MPI.jl icon indicating copy to clipboard operation
MPI.jl copied to clipboard

Option to disable unsupported features -- eg: matched send/recv

Open JBlaschke opened this issue 2 years ago • 5 comments

Hey Folks,

I am testing a basic MPI Send/Recv example and noticed that the version with MPI.Send and MPI.Recv! works fine, while MPI.send / MPI.recv don't on NERSC Perlmutter. The error points to: https://github.com/JuliaParallel/MPI.jl/blob/bfaa7ca876867897e212523f4e842a66e9afa9f3/src/pointtopoint.jl#L170 -- and digging around further, it turns out that currently Mprobe is not not supported by Cray.

This bug will be fixed eventually -- but I anticipate that this won't be the first time that a vendor's MPI implementation won't fully support everything in the standard. So my question is: do we want to develop a process to disable things like matched send/recv?

PSA: If you get:

MPICH ERROR [Rank 1] [job id 13281867.0] [Fri Aug  4 13:47:24 2023] [nid008633] - Abort(808039439) (rank 1 in comm 0): Fatal error in PMPI_Mprobe: Other MPI error, error stack:
PMPI_Mprobe(118)........:  MPI_Mprobe(source=0, tag=5, comm=MPI_COMM_WORLD, message=0x7ffde7da199c, status=0x7ffde7da19a0)
PMPI_Mprobe(101)........:
MPID_Mprobe(199)........:
MPIDI_improbe_safe(146).:
MPIDI_improbe_unsafe(88):
(unknown)(): Other MPI error

then right now, switch to the upper-case functions -- eg. MPI.Recv!

JBlaschke avatar Aug 04 '23 21:08 JBlaschke

To elaborate: with "a process to disable things like matched send/recv?" I mean something like a setting that will disable selected non-crucial features. This setting will non-mandatory, and will not disable anything default, but can be used on systems with incomplete MPI support.
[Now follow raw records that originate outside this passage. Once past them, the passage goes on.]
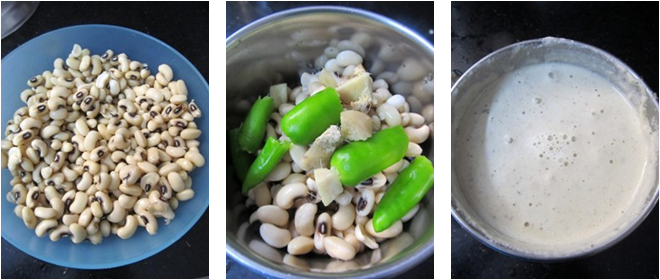 Wash and soak alasandalu/black eyed peas in water for 6-7 hours or overnight. Next day wash and drain them. Add ginger, green chillies to it and grind into paste adding enough water.
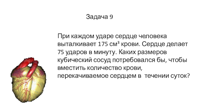 делает 75 ударов в минуту. Каких размеров кубический сосуд потребовался бы, чтобы вместить количество крови, перекачиваемое сердцем в течении суток?
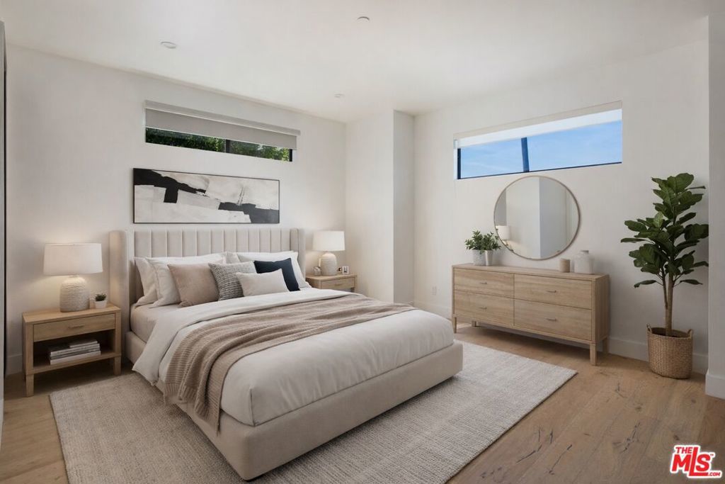 Experience elevated living in Prime Beverly Grove. This newly constructed, gated modern architectural residence offers a rare blend of privacy, scale and refined design. Walls of glass and soaring ceilings flood the interiors with natural light, while wide-plank hardwood floors, designer tile and curated finishes create a sophisticated, contemporary palette. The open two-story floor plan (plus basement media/screening room) flows beautifully for both relaxed family life and grand gatherings. At the heart of the home is the chef's kitchen featuring top-of-the-line Viking appliances, elegant countertops, a massive center island, three ovens, dual sinks and a large walk-in pantry. Fleet wood sliding doors from the living room open to a private backyard retreat designed as a true resort setting with a full-size pool and spa, fire-pit, built-in BBQ, tranquil waterfall and a shaded cabana enveloped by mature landscaping, ideal for effortless year-round entertaining. Upstairs, the primary suite unfolds as a private serene retreat, complete with a fireplace, secluded balcony, spa-inspired bath with soaking tub and rain shower and an expansive walk-in closet. Located on a quiet, tree-lined street just moments from West Hollywood, The Grove, and Beverly Center, this modern estate delivers a rare balance of scale, sophistication, and seamless indoor-outdoor living in one of Los Angeles' most vibrant lifestyle settings.

JBlaschke avatar Aug 04 '23 21:08 JBlaschke

You could add a preferences option to switch back to the old (slightly incorrect) behavior before #699? Seems like a bit of a slippery slope though.

simonbyrne avatar Aug 04 '23 21:08 simonbyrne

What made those slightly incorrect?

JBlaschke avatar Aug 04 '23 21:08 JBlaschke

I'd have to look at the spec again, but it certainly isn't correct in the presence of multi-threading (since there is no guarantee that the receive will match the probe request)

simonbyrne avatar Aug 04 '23 21:08 simonbyrne

Ah! I see

JBlaschke avatar Aug 04 '23 21:08 JBlaschke